WASHINGTON (Reuters) -U.S. manufacturing activity picked up in May as pent-up demand amid a reopening economy boosted orders, but unfinished work piled up because of shortages of raw materials and labor.
The Institute for Supply Management (ISM) survey on Tuesday found companies and their suppliers “continue to struggle to meet increasing levels of demand,” noting that “record-long lead times, wide-scale shortages of critical basic materials, rising commodities prices and difficulties in transporting products are continuing to affect all segments” of manufacturing.
According to the ISM, worker absenteeism and short-term shutdowns because of shortages of parts and workers continued to limit manufacturing’s growth potential.
“Strong demand is a good problem to have, but that demand is increasingly straining manufacturers’ ability to keep pace,” said Jim Baird, chief investment officer at Plante Moran Financial Advisors in Kalamazoo, Michigan.
The ISM’s index of national factory activity increased to a reading of 61.2 last month from 60.7 in April. A reading above 50 indicates expansion in manufacturing, which accounts for 11.9% of the U.S. economy. Economists polled by Reuters had forecast the index rising to 60.9 in May.
A shift in demand to goods from services as the COVID-19 pandemic kept Americans at home strained supply chains, with the virus also disrupting labor at manufacturers and their suppliers, leading to raw material shortages across industries.
More than half of adults in the United States are now fully vaccinated against COVID-19, allowing authorities to lift pandemic-related restrictions on businesses. That is whipping up demand across the economy, as is massive fiscal stimulus. There is no sign the supply bottlenecks are easing, even as demand is reverting back to services.

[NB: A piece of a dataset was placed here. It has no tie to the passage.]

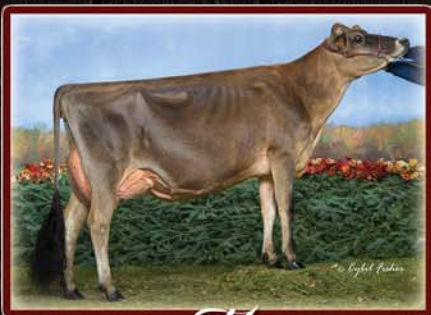
Ratliff Sambo Magnolia-ET, VG-89% 2-0 305 16,770 4.0% 671 3.5% 587 94DCR 6 th Senior 2-year-old, All American Show 4 th Senior 2-year-old, Central National 4 th Senior 2-year-old, WI Spring Spectacular Res. Int. Champion, Southern National

Sixteen manufacturing industries, including furniture, machinery, transportation equipment, computer and electronic products, and electrical equipment, appliances and components reported growth last month. Only printing and related support activities reported a contraction.
In the computer and electronic products industry, manufacturers complained about poor supplier performance, adding that “demand is high, and we are struggling to find employees to help us keep up.” Similar complaints were echoed across other industries. Food, beverage and tobacco products manufacturers said “delays at the port continue to strain inventory levels.”
Makers of fabricated metal products said they did not expect the supply chain constraints to improve “until possibly the fourth quarter of 2021 or beyond.”
U.S. stocks were trading higher. The dollar fell against a basket of currencies. U.S Treasury prices were lower.
LABOR SHORTAGES
The survey’s forward-looking new orders sub-index jumped to 67.0 from a reading of 64.3 in April. Inventories at factories are barely growing and business warehouses are almost empty.
A measure of factory employment dropped to a six-month low in May. According to the ISM, “an overwhelming majority” of companies are hiring or attempting to hire, “with more than 50% of them expressing difficulty in doing so.”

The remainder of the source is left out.